Si bien Trump aludió razones humanitarias como uno de los motivos para permitir que Rusia suministre crudo en esta oportunidad y a que de todas maneras la actual administración está debilitada, medios internacionales hicieron hincapié en el momento en que esta decisión tuvo lugar.

Según el reportero especializado en el Departamento de Estado, Eric Martin, la autorización velada de EE.UU. al petrolero ruso ocurre justo “después de que el régimen cubano autorizara la importación de combustible para la embajada estadounidense”. Y es que, semanas atrás, el gobierno cubano había negado que la sede diplomática se abasteciera.

Más allá de la ayuda humanitaria

A juicio de Pablo Álvarez, analista internacional y académico Escuela de Historia de la Universidad Diego Portales, además de las razones humanitarias y posible rol de Marco Rubio, el secretario de Estado de origen cubano, en esta decisión, también “puede tener que ver con que Estados Unidos necesita el petróleo ruso en este momento. La escalada de precios es tal que para evitar que las reservas se agoten y que el precio se dispare, necesitan que el petróleo ruso vuelva al mercado. Es posible que Rusia pusiera como condición para que su producción se trance en dólares que se envíe una porción a Cuba”.

“Estados Unidos necesita que el dólar sea la moneda de transacción del comercio de petróleo, Rusia está comercializando en yuanes al igual que Irán. El petróleo de Irán y Rusia no se está guardando o almacenando porque EE.UU. ha impuesto sanciones, simplemente están fuera del comercio en dólares. Para Trump es fundamental que vuelvan a transarse en dólares”, menciona.

Para Eduardo Hodge, director de la Escuela de Humanidades de la Universidad Gabriela Mistral y doctor en Relaciones Internacionales, “este movimiento del presidente Trump parece responder a cálculos estratégicos. Por una parte, se ve una lógica de dosificación de la presión: de hecho, el mismo presidente sostuvo que un cargamento no iba a alterar el destino político del régimen cubano, lo que sugiere que Washington busca mantener el cerco sin incrementar, innecesariamente, los costos políticos de aquello“. 

“Por otra, es posible apreciar un criterio de administración asociado a los riesgos geopolíticos: interrumpir el buque ruso podía elevar innecesariamente la tensión con Moscú, en un contexto internacional ya muy delicado (escenario que EE.UU. quiere evitar a toda costa, pensando que tiene abierto el flanco Irán/China). Todo indica que el presidente Trump quiere mostrar que puede ser inflexible con el régimen comunista, y, al mismo tiempo, pragmático cuando estima que una concesión limitada no fortalece realmente al gobierno cubano, pero sí a la población civil”, complementa.

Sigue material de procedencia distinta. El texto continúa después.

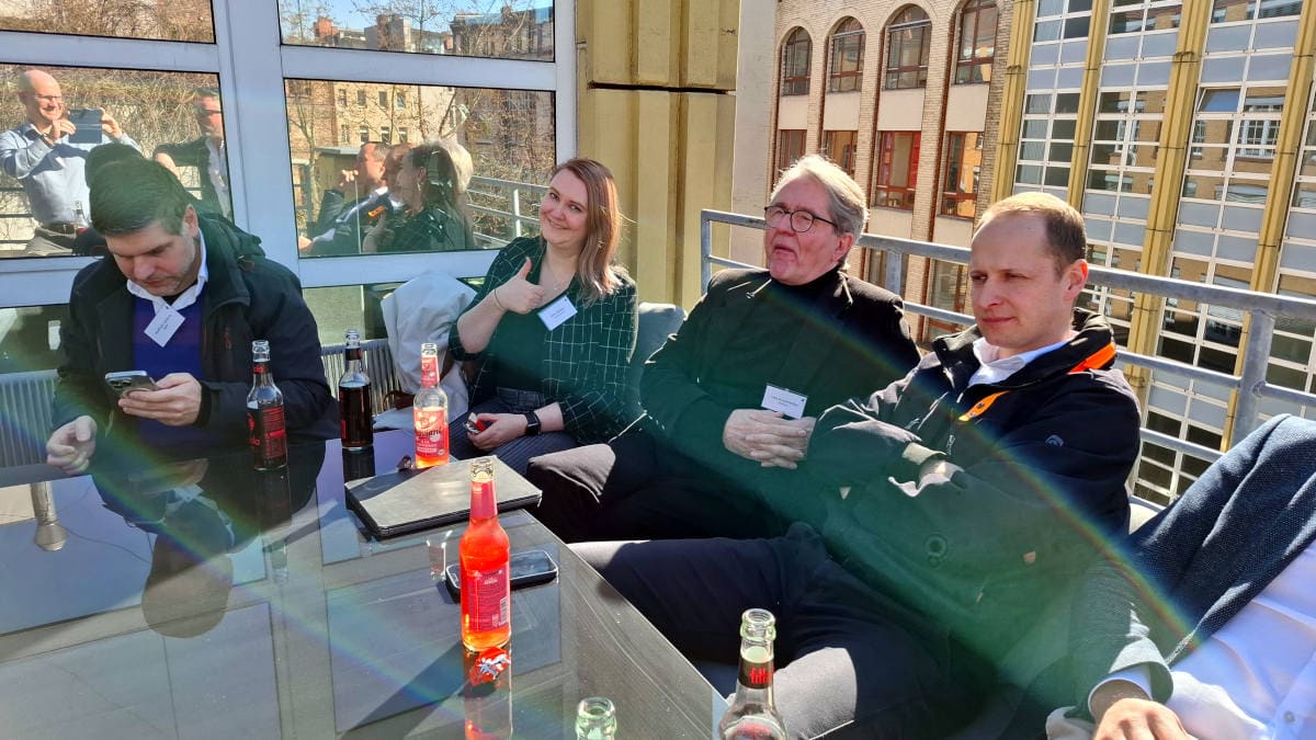Hop-On-Hop-Off-Gäste Wolfram Lefèvre (Digidor), Elisa Rohde (Rohde Beratung), Uwe Schumacher (Domcura) und Sebastian Empting (Zurich) (v.l.) auf der Dachterrasse von Muffintech lauschen dessen Gründer und Chef Simon Moser (Foto: Pfefferminzia)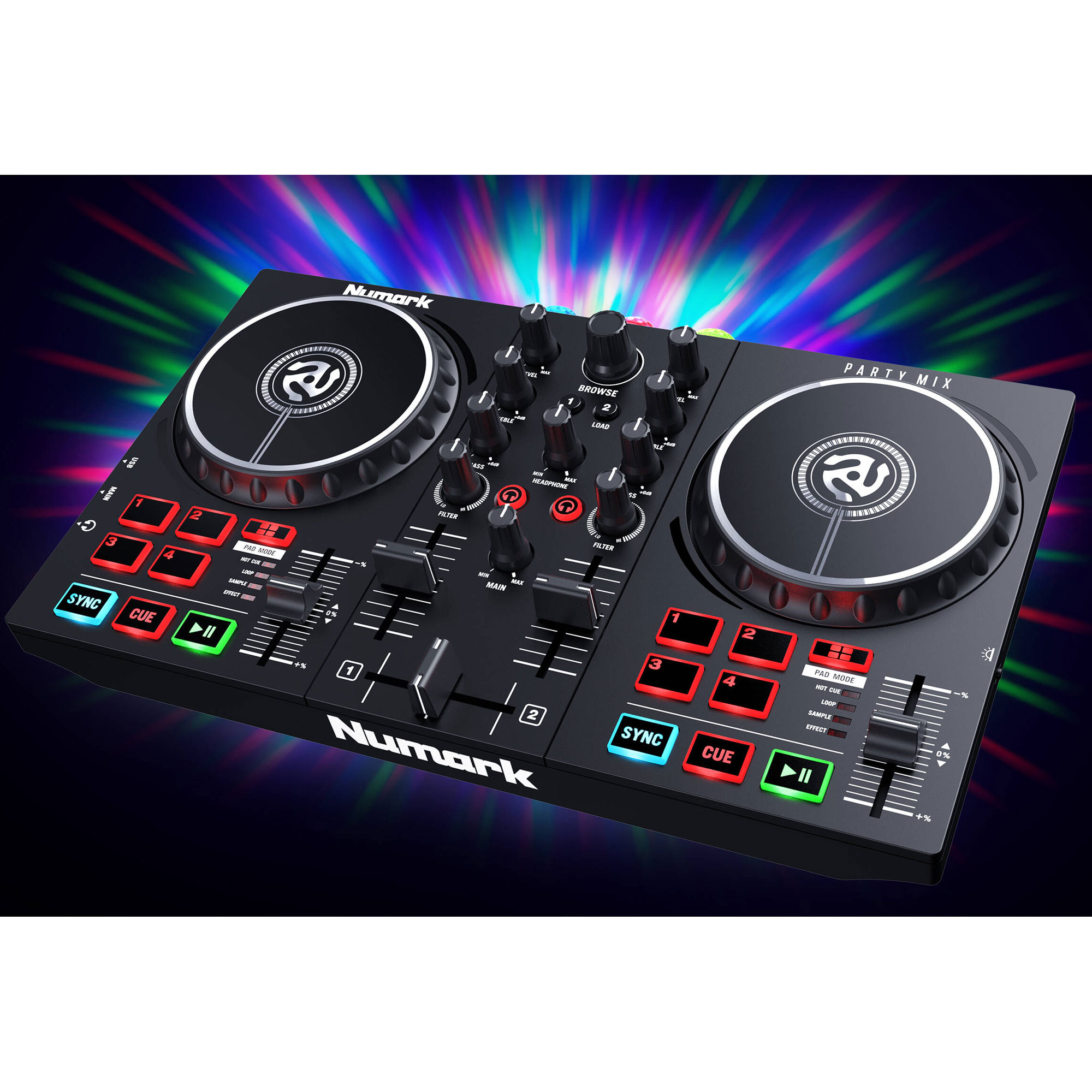 The Numark Party Mix II DJ controller is an updated version of the compact 2-channel Party Mix controller. The second-generation model features three RGB LED lights with a new lighting mode, support for mobile devices and streaming services (TIDAL, Beatport, SoundCloud), as well as several additional functions.

Petróleo autorizado por EE.UU. ha llegado a la isla antes

Eduardo Araya, académico del Instituto de Historia de la Pontificia Universidad Católica de Valparaíso recalca que “lo primero es que con Trump uno siempre puede asumir que es perfectamente posible que cambie de opinión. En segundo lugar, Trump está absolutamente concentrado, probablemente por razones obvias, en la crisis energética y económica generada por la guerra de Irán, y por lo tanto podríamos decir que respecto de Cuba puede ganar tiempo, o él cree que puede ganar tiempo“.

Araya también hace hincapié en que la carga de petróleo que Rusia otorgó a Cuba alcanza sólo para abastecer las necesidades urgentes de la isla por dos semanas y en que su infraestructura petrolera no cuenta con la mantención adecuada. “Pero también el gobierno norteamericano ha aceptado, a través de una oficina que se llama OFAC el envío privado de combustible a Cuba, por la vía de contenedores especiales para transporte de combustible que están destinados, en el fondo, a lo que en el caso nuestro serían pymes”, relata en alusión a los más de 30 mil barriles de petróleo venezolano, que han llegado desde Florida, Estados Unidos, para el sector privado de Cuba, según reporta El País.